Anti corporal punishment campaigner Sir Frank Peters has applauded Bangladesh Prime Minister Sheikh Hasina for introducing a five-day school week. Bangladesh’s Education Minister Dipu Moni made the announcement this week.

In September 2021, Sir Frank spotlighted the flaws and ineffectiveness of the then existing five and a half-day school week.  “I think the five-and-a-half-day school week is a family-size nuisance and detrimental to the advancement of teacher, child, family, and Bangladesh”, he said at the time.

“Why? Because it causes colossal unnecessary inconvenience and puts senseless strain on teachers, pupils, and their families who need a 48-hour meaningful break to unwind and refresh, as we all do.

“The five-and-a-half-day school week just isn’t worth the trouble and inconvenience it causes”, he added.

Sir Frank said, “Over the years, the teachers had become accustomed to the five-and-a-half-day school week. It’s the job requirement, but I have yet to meet a teacher who actually applauds or agrees with it. In these modern advanced times the five-and-a-half-day school week just doesn’t make sense and it is counter-productive to both good leaning, good teaching, and the advancement of Bangladesh”.

Sir Frank Peters poses with Bangladeshi Education Minister Dr. Dipu Moni, MP

Since 2010 Sir Frank has been actively spearheading an anti corporal punishment in Bangladesh. He was inspired to campaign for a five-day-school week when he saw village children walk to school during the monsoon season and sit for a half-day in dripping wet clothes.

He appealed to Prime Minister Sheikh Hasina and Education Minister Dr.

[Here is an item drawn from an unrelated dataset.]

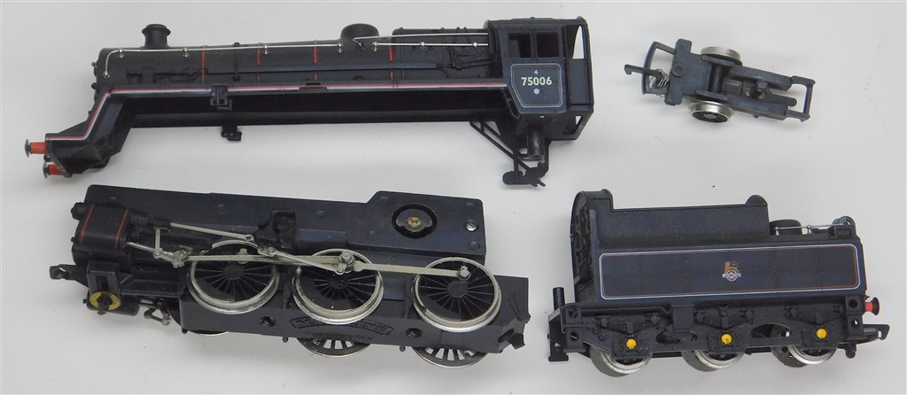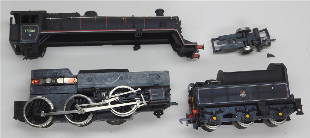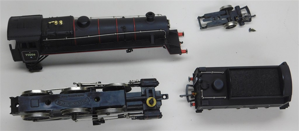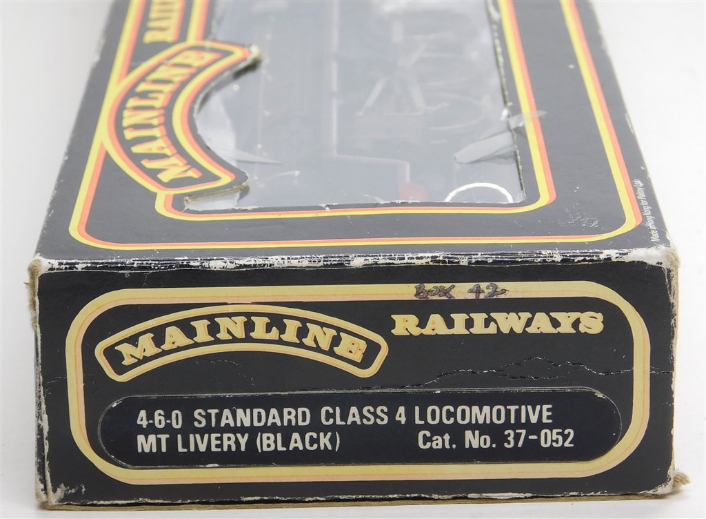 A Mainline Standard 4 for parts, motor runs but the wheels are loose, missing pony wheel and underframe screws, pony mount damaged, body and tender in good cosmetic condition, supplied in the original box, sold as a project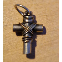 Halsreif, Metall, mit einem schweren zweiteiligen Anhänger - ein vergoldetes Metallteil in V-Form und ein Lapislazuli-Dreieck. Die Teile können auch ... mehr

Dipu Moni for a two-day free weekend to benefit the teachers and pupils. He said it would give them time for body and mind to relax, recuperate, and to be recharged in readiness for the following week.

He opined, “A good teacher can inspire hope, ignite the imagination, and instill a love for learning that lasts an entire lifetime. Teachers who are stressed and worn-out wouldn’t have the energy to even inspire themselves. Burnout and stress are not conducive to good learning (or teaching) and can spark corporal punishment.

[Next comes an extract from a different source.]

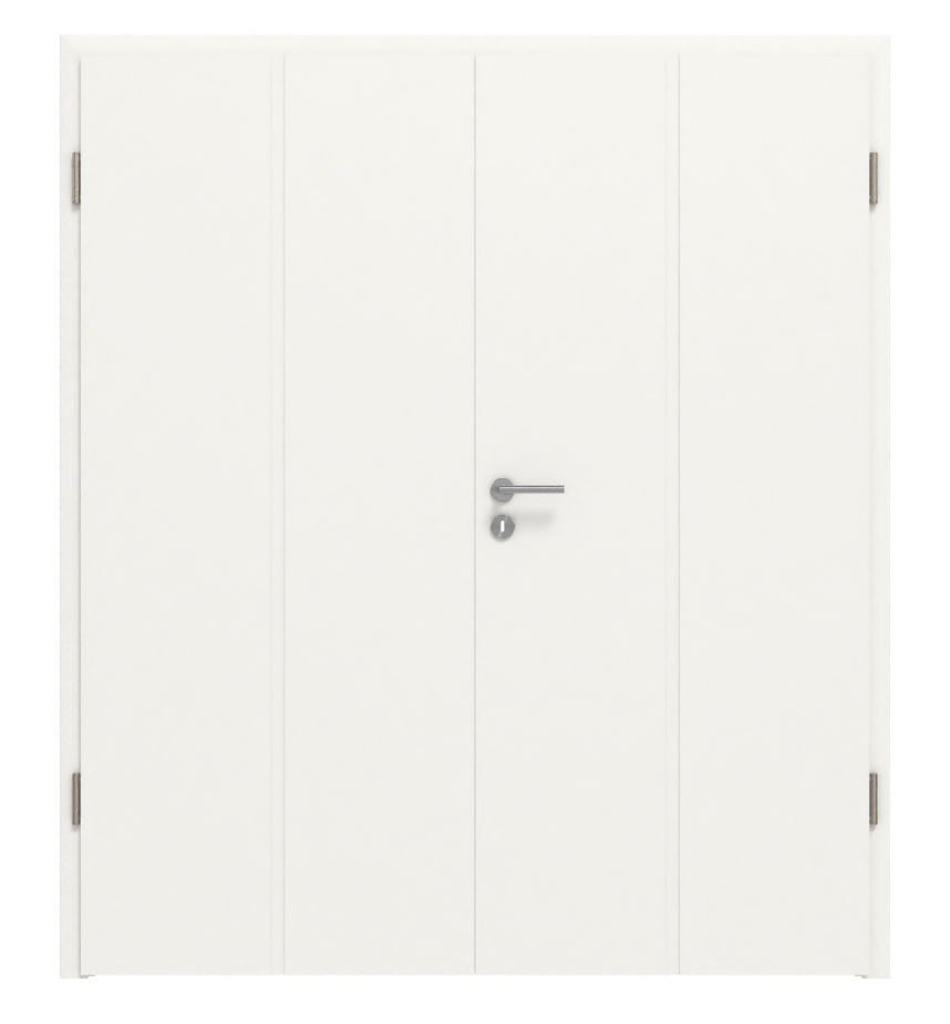 Skrzydło drzwiowe z geometrycznym wzornikiem: Otwartość i przyjazność są gwarantowane w Twoim domu dzięki drzwiom dwuskrzydłowym Cofi 13 w kolorze białym lakieru RAL 9016 wraz z ościeżnicą z serii Cofi .

“The five-and-a-half-day school week has passed its use-by date and needs reassessment”, he said. “It lacks justification, imagination, and vision of what a person’s life could be… what it should be… and screams for change”.

He went on to say there can never be enough emphasis given to the importance of education to the nation and all assistance and co-operation should be given to the educators.

“Teachers are no different to other government workers who work only five days a week. They, too, want to spend time and relax with their families and friends, participate in their children’s activities, visit their in-laws in distant locations, pursue hobbies and interests and generally clear their minds of the daily hurdles they face trying to teach a classroom of 100 or so pupils. In fact, they most probably need (and deserve) the rest much, much more than the majority of other government workers”, he said.

“The decision taken by Prime Minister Sheikh Hasina and Education Minister Dipu Moni is a giant leap forward for the nation. It will significantly benefit the teaching fraternity and provide them with family life never before experienced, and enhance the education system in Bangladesh. I salute both of them and hope outlawing corporal punishment will become their next priority to extend the limits of their glory”, added Sir Frank.